De Blasio Defends Letting Private Consultant Sit In On Housing Policy Meetings

"There are people who are longstanding friends and colleagues and advisers. I'm not going to ask them to stop being friends and advisers because they happen to have clients."

Mayor Bill de Blasio on Inside City Hall.
Mayor Bill de Blasio on Inside City Hall. Screengrab/NY1

Mayor Bill de Blasio asserted last night that there was no legal or ethical problem whatsoever with his decision to have a private consultant who represents numerous real estate interests sit in the room while members of his administration discussed his vast rezoning proposals.
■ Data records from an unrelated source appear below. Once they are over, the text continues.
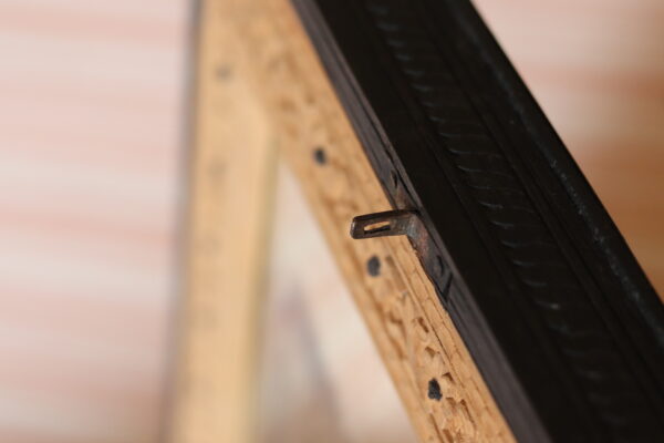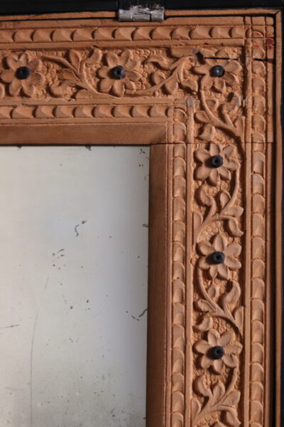 These compartments are lined with velvet fabric pads in deep hues—indigo blue and a warm crimson red. Each of these pads has a circular opening at its centre, like a recessed ring or socket, possibly meant to cradle round or cylindrical objects. Beneath the compartments sits the main body of the box, lined in a rich red fabric. There is a certain thoughtfulness in its delicate design, meant for careful care and handling. The frame of the mirror is carved from pale sandalwood and decorated with a continuous floral vine that runs along the edges. Small flowers emerge at regular intervals, with black pistils connected by curving stems and leaves. These dark pegs or studs are set into the frame at intervals, likely both functional and decorative, anchoring the mirror securely while punctuating the floral pattern. We can see slight irregularities and fine cracks, softened edges, and tool marks—signs of age and handwork.
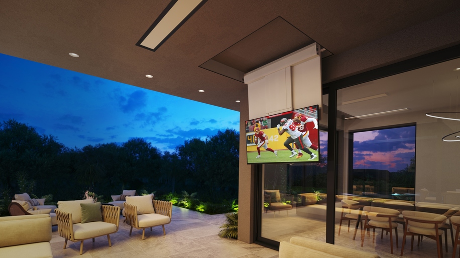 “TVs are an important part of the homeowners’ lifestyle, and incorporating TVs on the exterior can be problematic,” says Ted. “However, the Nexus 21 lift was the perfect solution.”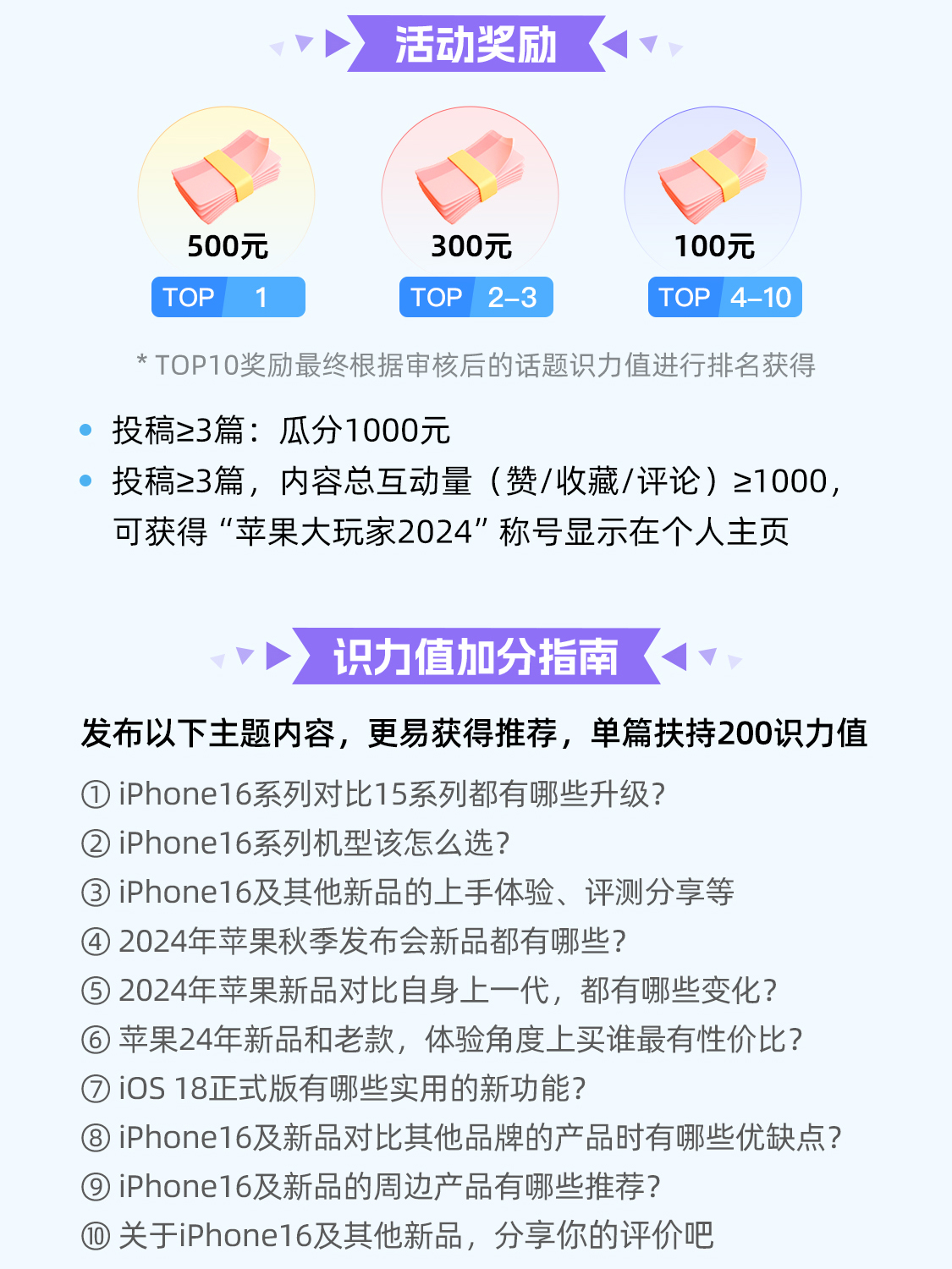 iPhone16终于发布啦!大家觉得怎么样呀? 数码君诚邀各位识货er参与讨论!在社区分享任意你对苹果2024年新品相关内容,并关联话题#苹果大玩家# 即可参与到活动中!瓜分上千元的奖励!还有机会获得独特【苹果大玩家2024】显示在个人主页哟! 🎁活动奖励 TOP 1:500元 TOP 2~3:300元 TOP 4~10:100元 投稿≥3篇瓜分:1000元 投稿≥3篇,内容总互动量(赞/收藏...

The claim came during his weekly “Mondays with the Mayor” segment on NY1, in response to a question from host Errol Louis about the tranche of emails the administration dumped on the eve of Thanksgiving in partial compliance with the station’s Freedom of Information Act request. The messages that revealed Jonathan Rosen—the co-founder of the political consulting and lobbying firm BerlinRosen—had taken part in meetings about the mayor’s Mandatory Inclusionary Housing program, an initiative that successfully changed building regulations citywide. NY1 and the New York Post have taken the mayor’s office to court to force it to cough up its correspondence with five outside advisers, including Rosen—and de Blasio’s lawyers have insisted such exchanges are privileged since the consultants all qualify as “agents of the city.”

The mayor reiterated that his administration had cleared all aspects of Rosen’s participation with the city Law Department.

“Everything was first discussed with the City Hall lawyers,” he said. “All of the structures were set up with legal guidance, and with an explicit understanding that we were going to avoid any conflict.”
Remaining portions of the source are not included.